A family of four is found murdered execution style. The husband/suspect actually mentions that he doesn't allow sweets in the house a couple of T.V. minutes after a chocolate bar is pointed out at the crime scene. Wow, what a break, to have a key clue appear just then! Are there any red herrings, or did I blink? We know by long television tradition that the first suspect is usually innocent, so that doesn't count. Its part of the structure, just like we know that when a cameraman places a door in the shooting frame, somebody will walk through it.

The heavy-handed clues lead to the real killer after a jurisdictional triangle between Brenda's Major Crimes Division and the F.B.I. that puts poor Fritzi yet again in the hypotenuse. But my couch mate and I were way ahead of Brenda at every turn, even when she does her stuff in a prison visitation booth instead of back at headquarters.
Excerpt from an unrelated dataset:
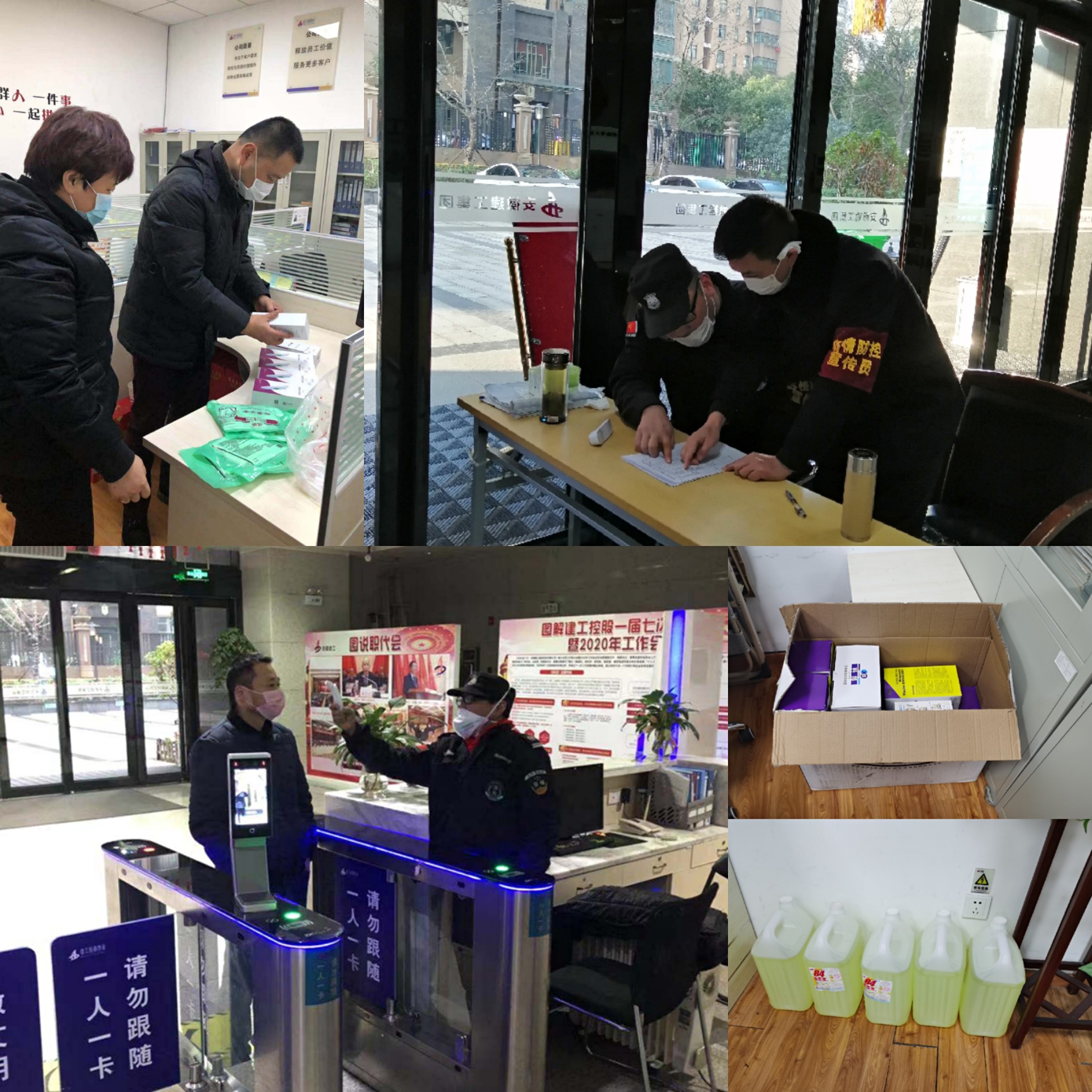 嚴峻的疫情形勢下,各項防疫物資嚴重急缺,為保障一線員工防護措施到位,公司主要領導在春節(jié)假期期間,親自到合肥市場多家藥店購買物資,并到安建大廈項目指導測溫儀等使用操作。安建物業(yè)上下動員,全員行動,多渠道采購84消毒液、75%醫(yī)用酒精、口罩、一次性手套、測溫儀等防疫物資,形成了全面動員、全面加強疫情防控、共克時艱的工作局面。

I don't mind formulaic cop shows. Done well, they're like jazzman Ramsey Lewis finding yet another variant of Billy Boy: pleasingly different within the structure. But we knew who done it two commercials before Brenda caught on, and that just isn't much fun.

Worse, Brenda's first episode as a married woman could have been delightfully chaotic, but all the show could offer was a subplot about Kitty. Brenda still hasn't found time to name the cat, still refers to her as a him, and doesn't recognize that the obviously healthy and content feline is, in reality, sick. Will Kitty survive her trip to the vet, or will we discover that she has nine lives?

I love the series, but just hope that this new season of The Closer isn't running out of pitches.